Orang mukmin yang melakukan riba, memakan harta yang batil (yang bukan haknya) maka Allah subhanahu wa ta’ala telah menyediakan kepada orang-orang tersebut berupa siksa yang pedih.
4. Dalam QS. Ar Rum Ayat 39
وَمَا آتَيْتُمْ مِنْ رِبًا لِيَرْبُوَ فِي أَمْوَالِ النَّاسِ فَلَا يَرْبُو عِنْدَ اللَّهِ ۖ وَمَا آتَيْتُمْ مِنْ زَكَاةٍ تُرِيدُونَ وَجْهَ اللَّهِ فَأُولَٰئِكَ هُمُ الْمُضْعِفُونَ
Artinya: “Dan sesuatu riba (tambahan) yang kamu berikan agar dia bertambah pada harta manusia, maka riba itu tidak menambah pada sisi Allah. Dan apa yang kamu berikan berupa zakat yang kamu maksudkan untuk mencapai keridhaan Allah, maka (yang berbuat demikian) itulah orang-orang yang melipat gandakan (pahalanya)”.
Harta yang dititipkan Allah subhanahu wa ta’ala kepada manusia bukanlah semua milik manusia itu sendiri artinya di dalam harta yang kita miliki terdapat hak milik orang lain. Maka dari itu, Allah subhanahu wa ta’ala memerintahkan kita untuk berzakat, bersedekah, berinfak, dan berwakaf.

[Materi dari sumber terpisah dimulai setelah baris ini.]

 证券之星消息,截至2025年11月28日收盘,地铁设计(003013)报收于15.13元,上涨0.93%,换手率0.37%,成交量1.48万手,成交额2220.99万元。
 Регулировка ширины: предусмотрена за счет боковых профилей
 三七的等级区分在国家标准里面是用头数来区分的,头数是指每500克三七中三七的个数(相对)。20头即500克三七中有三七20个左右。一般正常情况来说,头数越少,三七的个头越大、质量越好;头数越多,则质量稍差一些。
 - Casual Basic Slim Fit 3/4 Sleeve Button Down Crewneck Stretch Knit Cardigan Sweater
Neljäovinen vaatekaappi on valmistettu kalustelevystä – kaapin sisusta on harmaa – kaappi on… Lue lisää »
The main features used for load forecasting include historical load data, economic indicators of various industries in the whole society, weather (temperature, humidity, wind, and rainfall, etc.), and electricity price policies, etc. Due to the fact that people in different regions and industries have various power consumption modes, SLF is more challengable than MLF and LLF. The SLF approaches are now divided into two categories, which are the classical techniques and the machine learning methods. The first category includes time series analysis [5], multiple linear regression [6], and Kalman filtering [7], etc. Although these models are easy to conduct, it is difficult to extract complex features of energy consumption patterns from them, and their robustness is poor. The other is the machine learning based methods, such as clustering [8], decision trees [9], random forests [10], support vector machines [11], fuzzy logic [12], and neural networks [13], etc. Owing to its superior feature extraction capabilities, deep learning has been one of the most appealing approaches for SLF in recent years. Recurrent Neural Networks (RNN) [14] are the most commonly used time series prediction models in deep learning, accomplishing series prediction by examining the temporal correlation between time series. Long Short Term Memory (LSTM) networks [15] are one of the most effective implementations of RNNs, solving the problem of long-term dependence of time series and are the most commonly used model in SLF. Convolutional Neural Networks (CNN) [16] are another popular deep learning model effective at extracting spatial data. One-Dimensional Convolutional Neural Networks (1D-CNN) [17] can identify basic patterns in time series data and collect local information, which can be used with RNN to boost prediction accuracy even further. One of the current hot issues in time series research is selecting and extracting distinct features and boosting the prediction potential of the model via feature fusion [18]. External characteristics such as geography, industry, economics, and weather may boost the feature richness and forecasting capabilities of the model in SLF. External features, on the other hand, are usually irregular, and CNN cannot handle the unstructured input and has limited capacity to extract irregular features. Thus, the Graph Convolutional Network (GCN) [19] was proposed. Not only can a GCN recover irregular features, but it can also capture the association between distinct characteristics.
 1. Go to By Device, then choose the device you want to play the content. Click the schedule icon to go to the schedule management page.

Harta yang telah diberikan kepada orang lain itulah harta yang dilipatgandakan oleh Allah bukan harta yang diribakan. Dari penjelasan tersebut, kita dapat ambil pelajaran bahwa semua perintah Allah itu terdapat hikmah tersendiri bagi ciptaan-Nya.
Hukum Bunga Bank
Menurut mayoritas ulama hukum bunga bank adalah haram karena identik dengan yang namanya riba walaupun ada juga ulama yang melihat bahwa bunga bank bukanlah riba. MUI sendiri mengeluarkan fatwa tentang keharaman riba pada tahun 2003. Sedangkan organisasi Muhammadiyyah mengeluarkan fatwa tentang haramnya riba tahun 2010. Adapun organisasi Nahdlatul Ulama (NU) pada tahun 1982 dalam Bahtsul Masail di Lampung yang menyatakan bahwa hukum bunga bank ada 3 yaitu haram, boleh, dan syubhat.

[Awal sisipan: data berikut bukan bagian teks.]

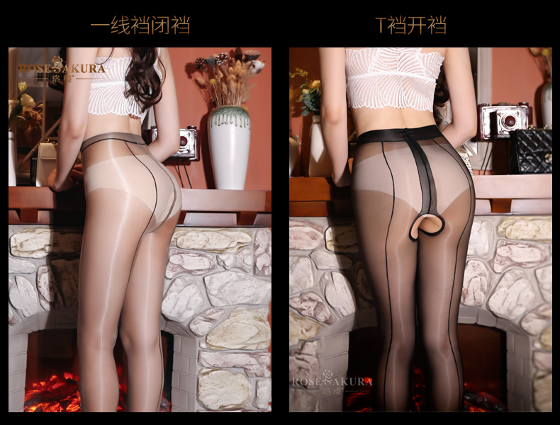 RK腿背虾线一线裆/开档马油亮丝袜10D超薄透明复古性感镂空连裤袜
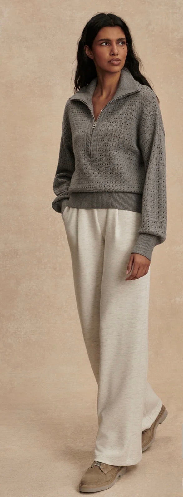 Textured for an elevated look and feel, the Darla knit is made from super soft fabric and detailed with a half-zip closure. Featuring our signature exaggerated neckline, it's finished with ribbed trims for an added touch of structure and style.
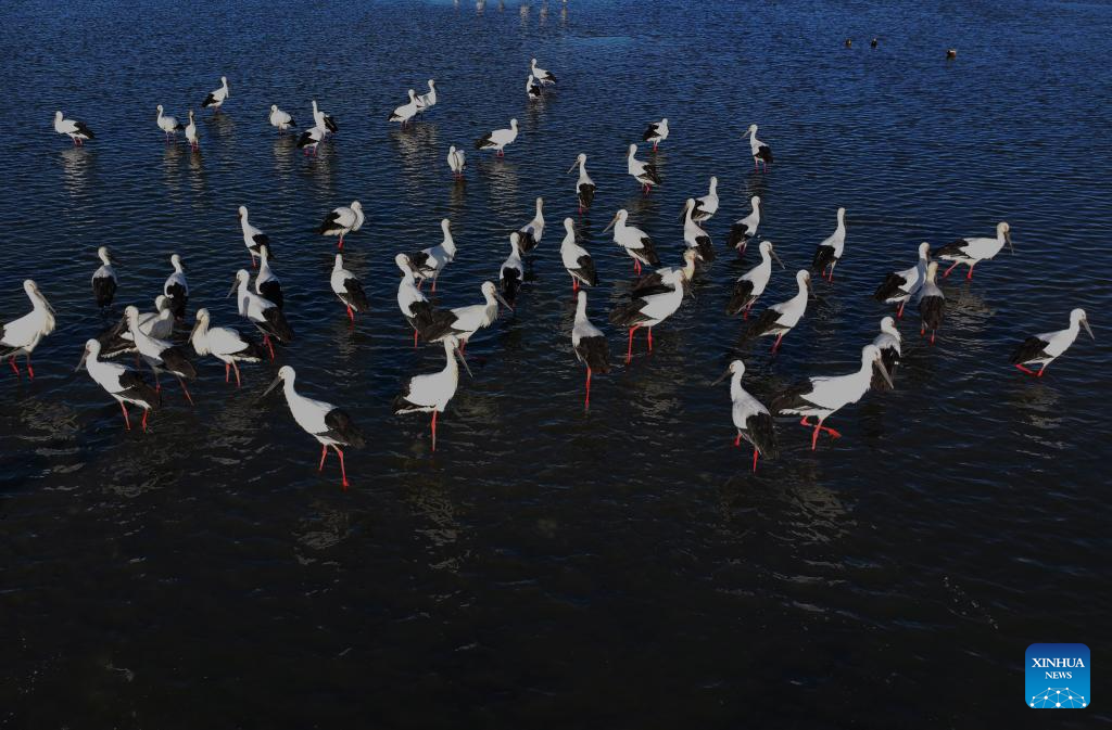 This aerial photo taken on Nov. 25, 2023 shows a flock of oriental white storks foraging at a wetland in Tangshan, north China's Hebei Province. Coastal wetlands in the city of Tangshan are important habitats for migratory birds. (Xinhua/Yang Shiyao)
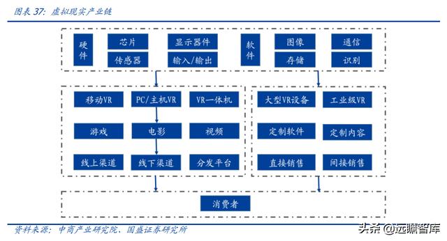 VR/AR 产业链主要分为硬件和软件两部分,其中硬件主要包括芯片、传感器、显示器件 等,软件分为基础软件和应用软件。
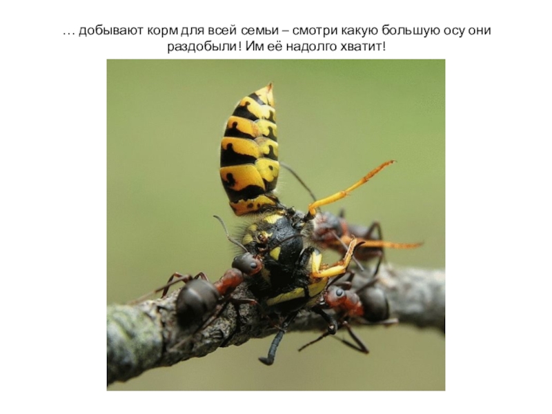 Слайд 12… добывают корм для всей семьи – смотри какую большую осу
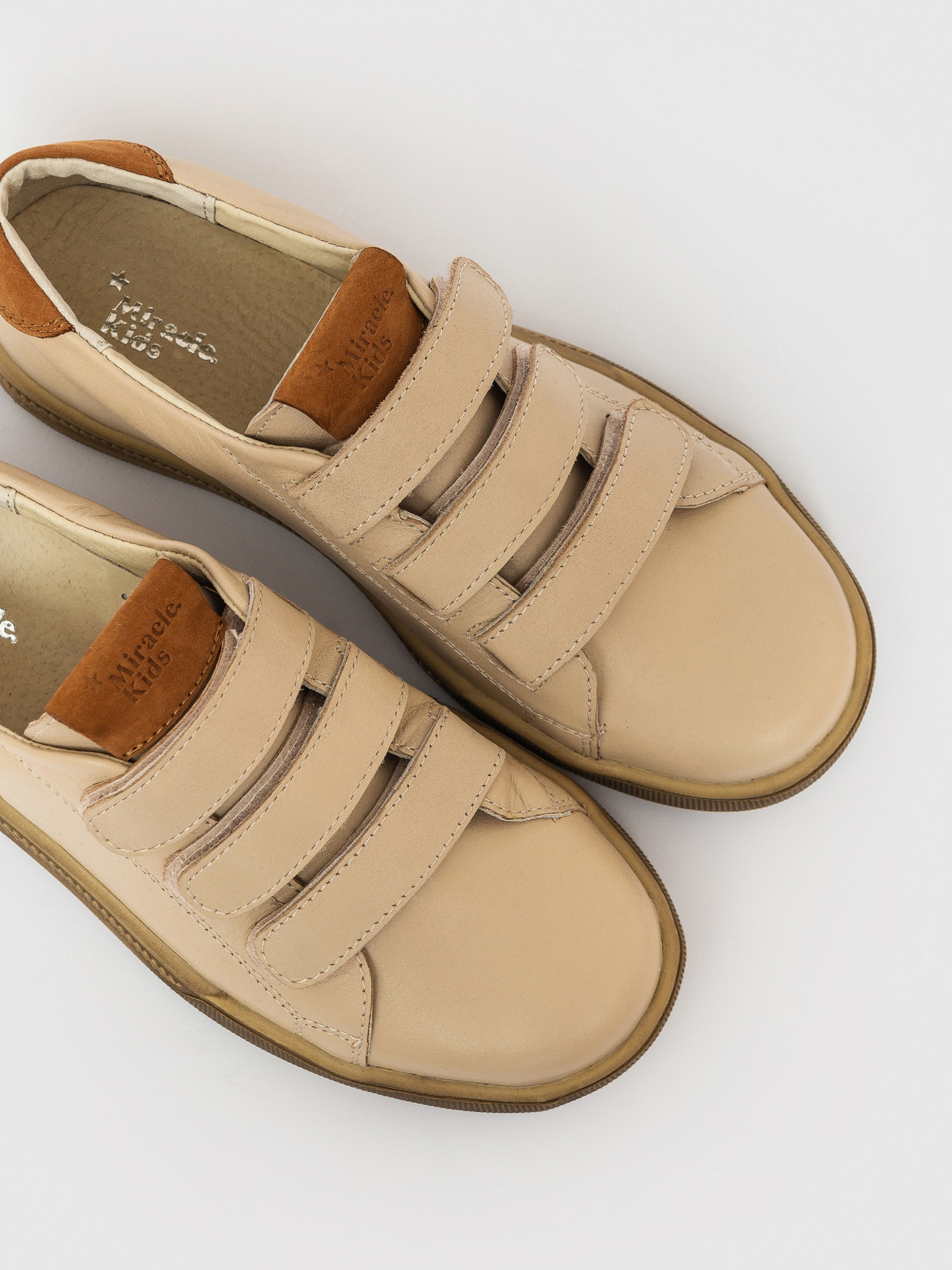 Верх виконаний з мʼякої шкіри і доповнений контрастними шкіряним підкладом. А липучки забезпечують, окрім комфортної фіксації на ніжці, модний і стильний вигляд.
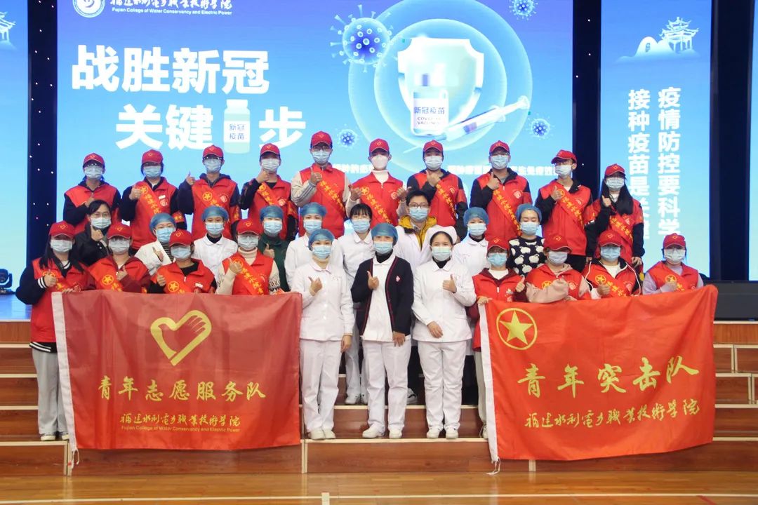 我院青年突击队员们每日早上提前到达现场布场后,积极配合医护人员做好相关准备工作,组织师生员工按照流程有序排队、登记、接种、留观、离场,并耐心细致地解答在场人员的咨询。

Ulama yang memperbolehkan bunga bank mempunyai illat (hukum dasar) bahwa keharaman riba itu adalah karena “ad’afan mudho’afan (berlipat ganda)” dan “La Tadhlimun wa la Tudhlamaun (kamu tidak menganiaya dan tidak dianiaya)”. Menurut mereka tidak ada yang dirugikan dalam transaksi dengan bank konvensional baik dari pihak bank sendiri ataupun dari nasabah.
Sedangkan para ulama yang mengharamkan riba mempunyai pandangan bahwa haramnya riba itu seperti haramnya khamr, diawali dengan unsur negatif yang ada dalam riba (QS. Ar rum: 38), isyarat tentang haramnya riba (QS. An Nisa: 161), salah satu bentuk perilaku yang haram untuk dilakukan (QS. Ali Imran: 130) dan pengaharaman semua hal yang berkaitan dengan perilaku riba (QS. Al Baqarah: 278).
Demikian pembahasan tentang riba dalam perspektif Al Quran dan kita sebagai umat muslim sudah seharusnya tidak berlebihan dalam memandang hal-hal yang ada di dunia ini.